# REQUIRED ACTION:
Give back, word for word, only the lines from the opening of the records through the one with "Ierīcei ir LED". Pictures stay out.

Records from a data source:

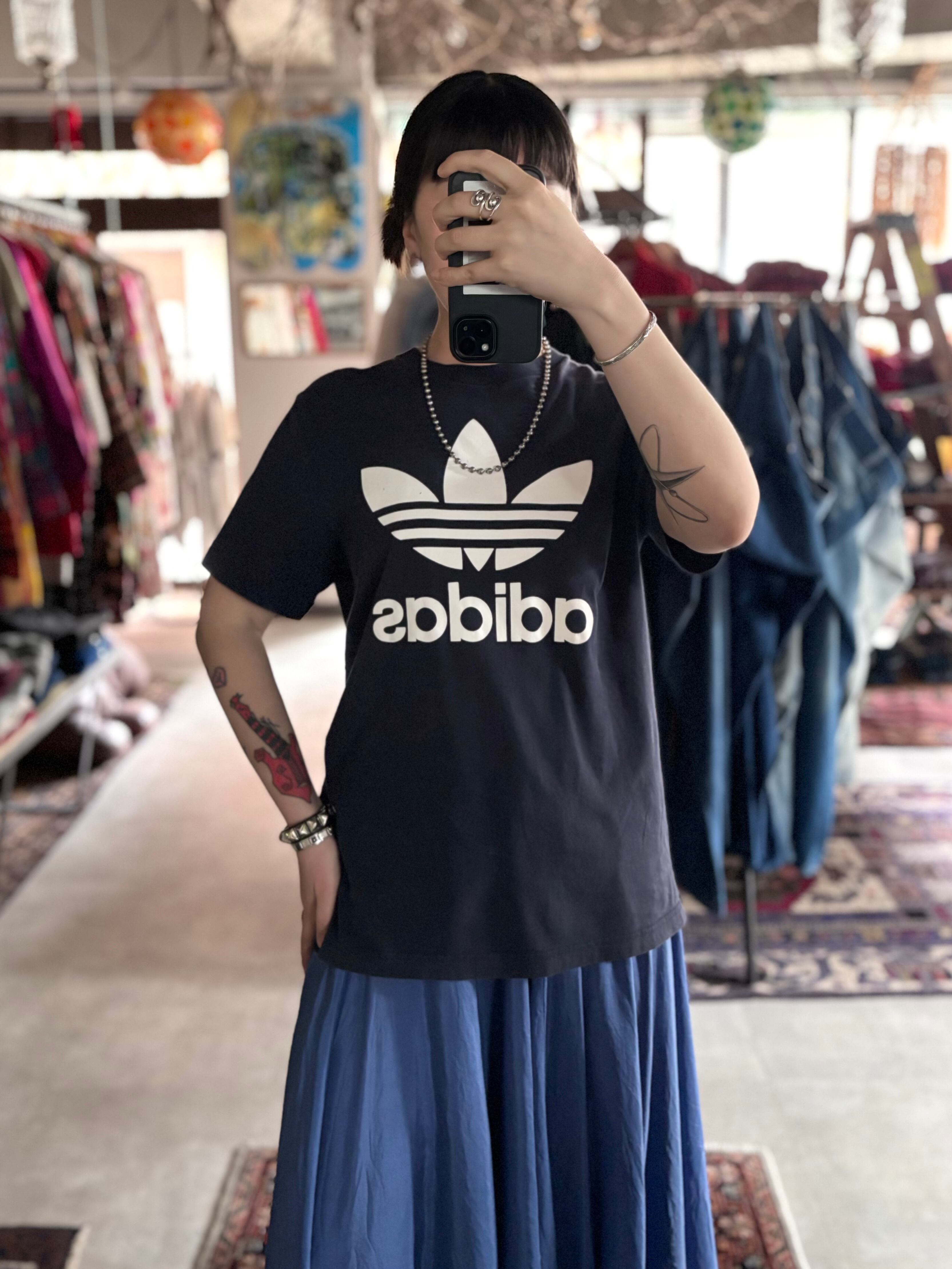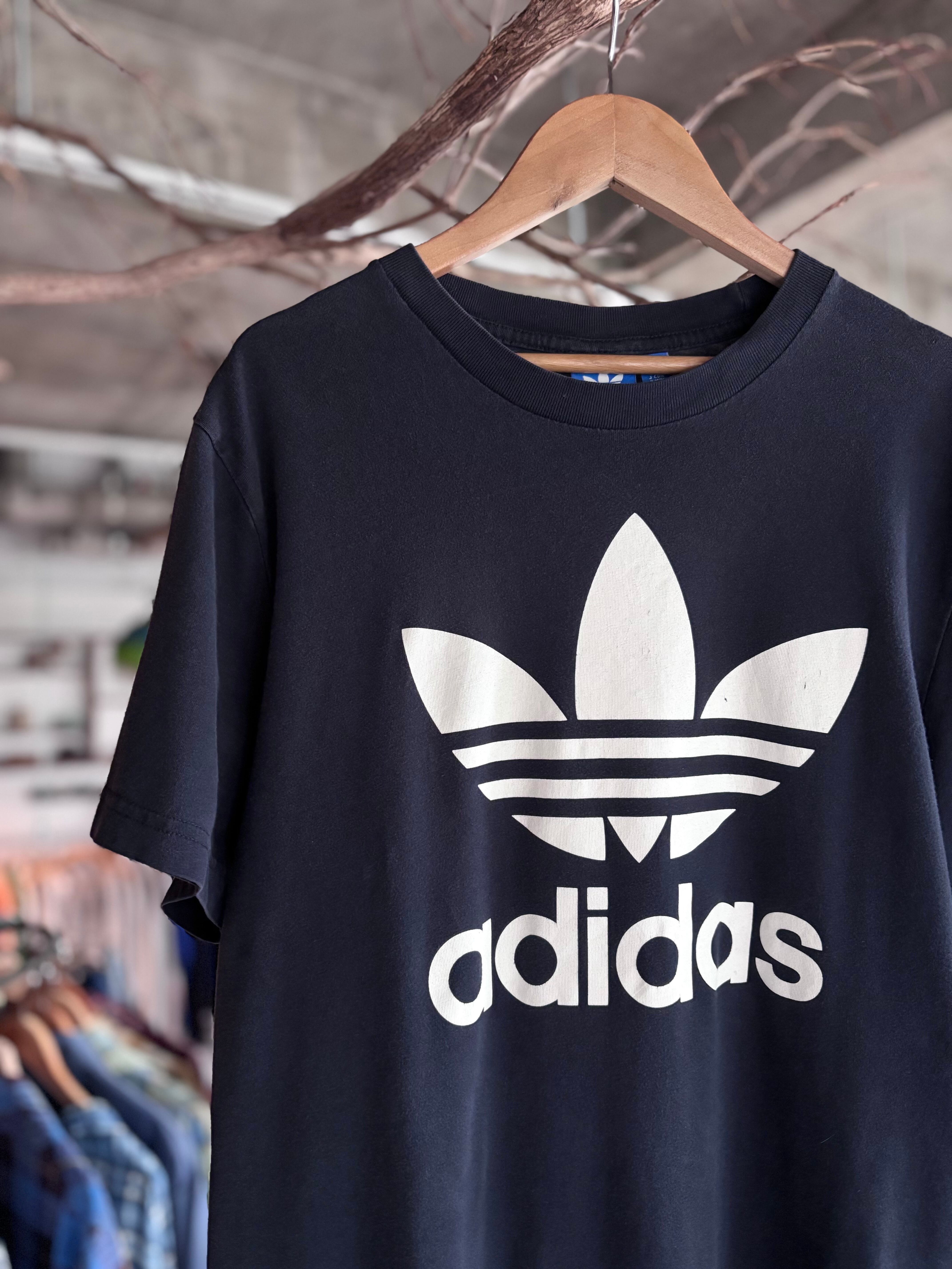 やわらかめの質感のコットン素材。程よく色褪せたネイビー地に、白のトレフォイルロゴ。1枚でもインナーでも使い勝手が良く、ユニセックスでおすすめのadidas tee。
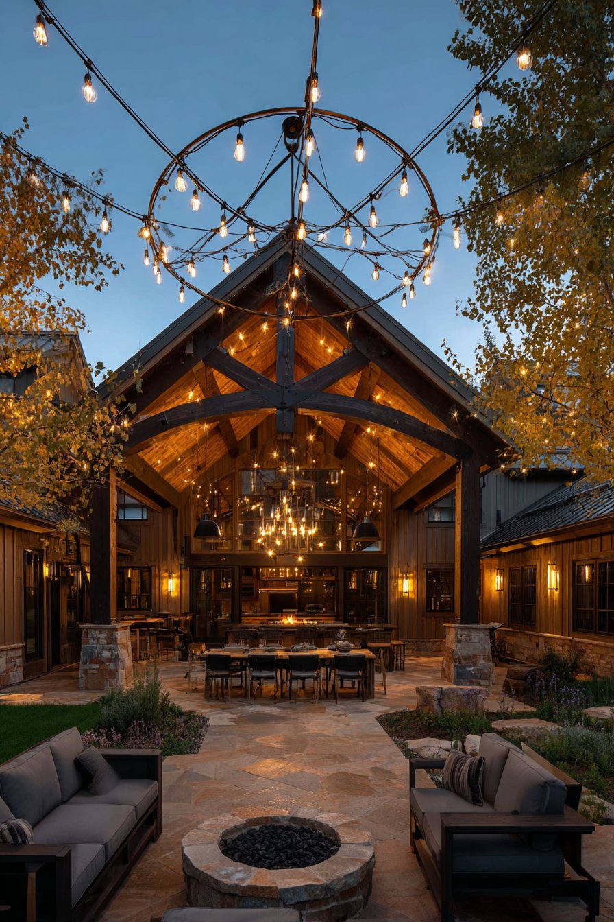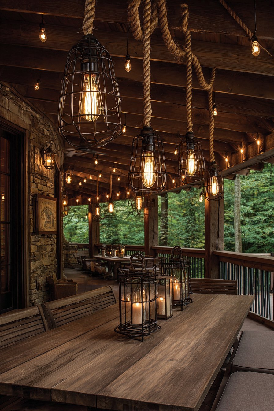 Varying pendant heights adds visual interest and accommodates different table heights. Aged metal cages develop authentic patina over time. Vintage filament bulbs produce warm light that enhances wood tones. The combination creates a rustic atmosphere perfect for outdoor entertaining.
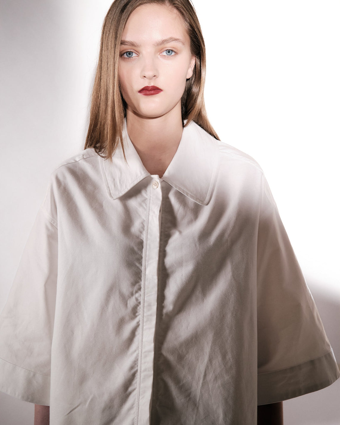 A short sleeved shirt cut in a contemporary loose silhouette crafted from a crispy smooth cotton. Featured with concealed sewn mother of pearl buttons at front and folded sleeve endings.
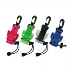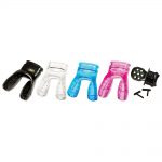 Cinchable stretch cord and plastic swivel clip. Available with colored Dura mouthpiece or clear silicone.
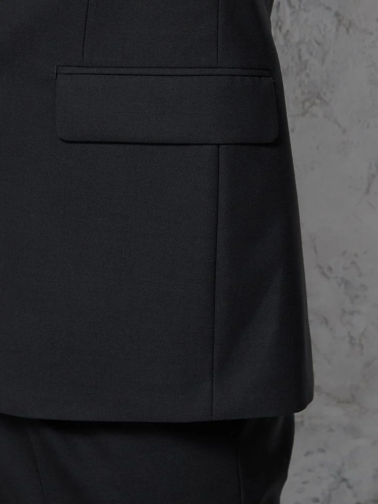 切り込みが1本のセンターベントデザインです。細身でスッキリとしたシルエットが特徴で、快適な着心地を提供します
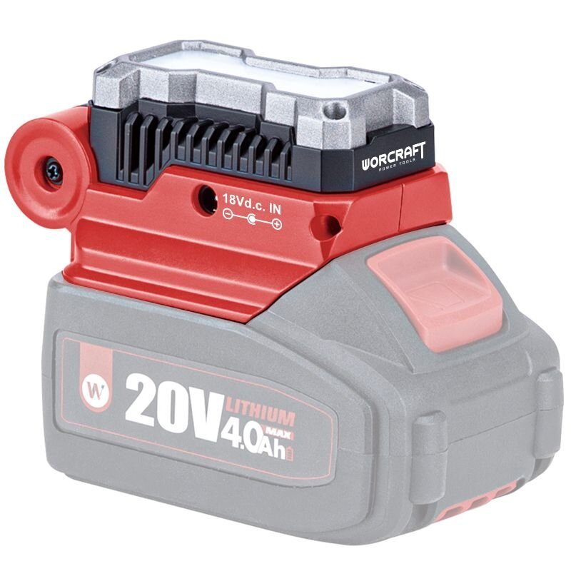 Ierīcei ir LED apgaismojums, kas uzstādīts 7 pozīcijās. Turklāt adapteri var izmantot WORCRAFT sērijas akumulatoru uzlādēšanai.
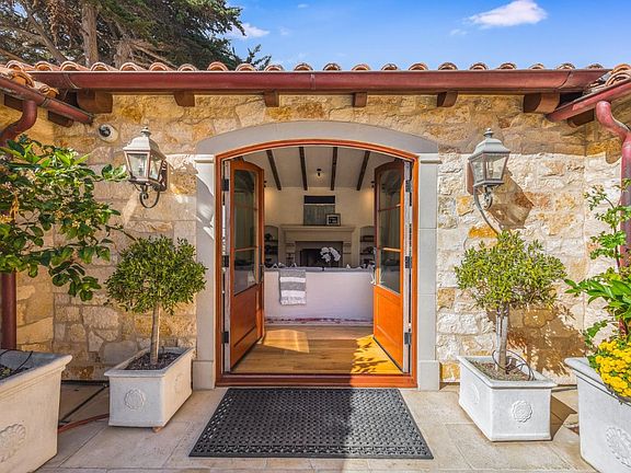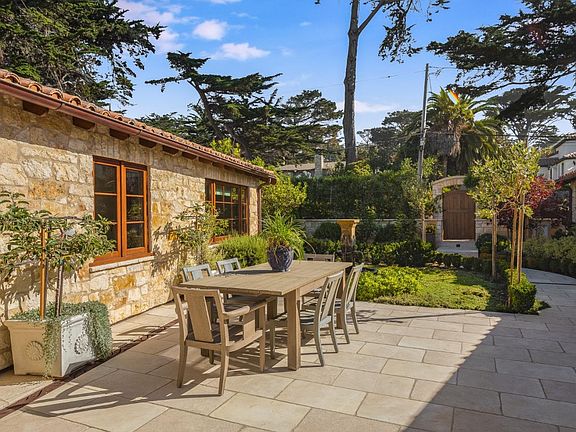 Masterfully, extensively, and exquisitely rebuilt home and ADU in 2017 in the Golden Rectangle of Carmel. 2 minute walk to the ocean and walking distance to downtown. Enjoy endless sunsets and the sound of the ocean in the private, peaceful, beautifully landscaped and gated property. Family and friends can gather for al fresco dining in the courtyard, sunsets on the back terrace or a cozy evening by the firepit. This exceptional French Mediterranean stone home features a European clay tile roof, mahogany windows, solid core oak doors, copper gutters, beamed ceilings, venetian plaster walls, authentic imported reclaimed Provence floor tiles, imported French oak floors, marble baths, bronze railings, solid walnut cabinetry, top of the line appliances, radiant heat, temperature control wine cellar, EV charger, Tesla Powerwall/power backup and a fully integrated security and Sonos sound system.
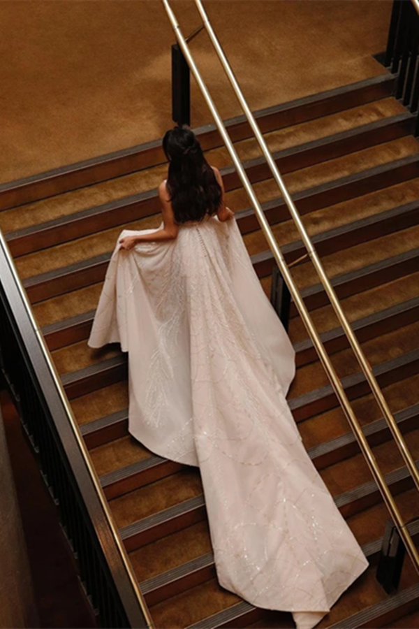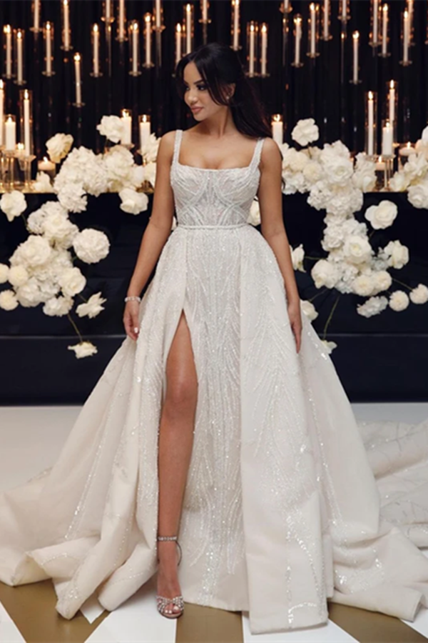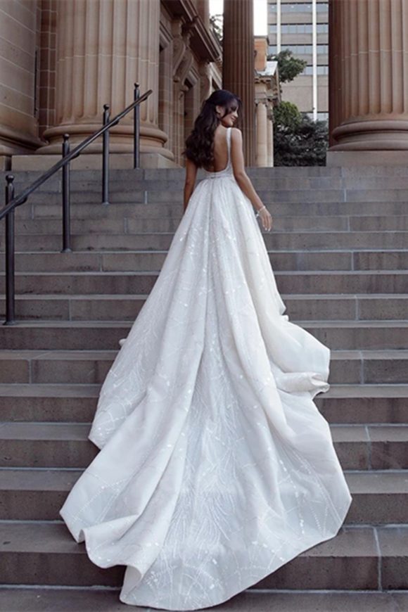 Kateprom Gorgeous Beaded Lace Spaghetti Straps A line Chapel Train Wedding Dresses KPW0696

# TASK SOLUTION:
 やわらかめの質感のコットン素材。程よく色褪せたネイビー地に、白のトレフォイルロゴ。1枚でもインナーでも使い勝手が良く、ユニセックスでおすすめのadidas tee。
 Varying pendant heights adds visual interest and accommodates different table heights. Aged metal cages develop authentic patina over time. Vintage filament bulbs produce warm light that enhances wood tones. The combination creates a rustic atmosphere perfect for outdoor entertaining.
 A short sleeved shirt cut in a contemporary loose silhouette crafted from a crispy smooth cotton. Featured with concealed sewn mother of pearl buttons at front and folded sleeve endings.
 Cinchable stretch cord and plastic swivel clip. Available with colored Dura mouthpiece or clear silicone.
 切り込みが1本のセンターベントデザインです。細身でスッキリとしたシルエットが特徴で、快適な着心地を提供します
 Ierīcei ir LED apgaismojums, kas uzstādīts 7 pozīcijās. Turklāt adapteri var izmantot WORCRAFT sērijas akumulatoru uzlādēšanai.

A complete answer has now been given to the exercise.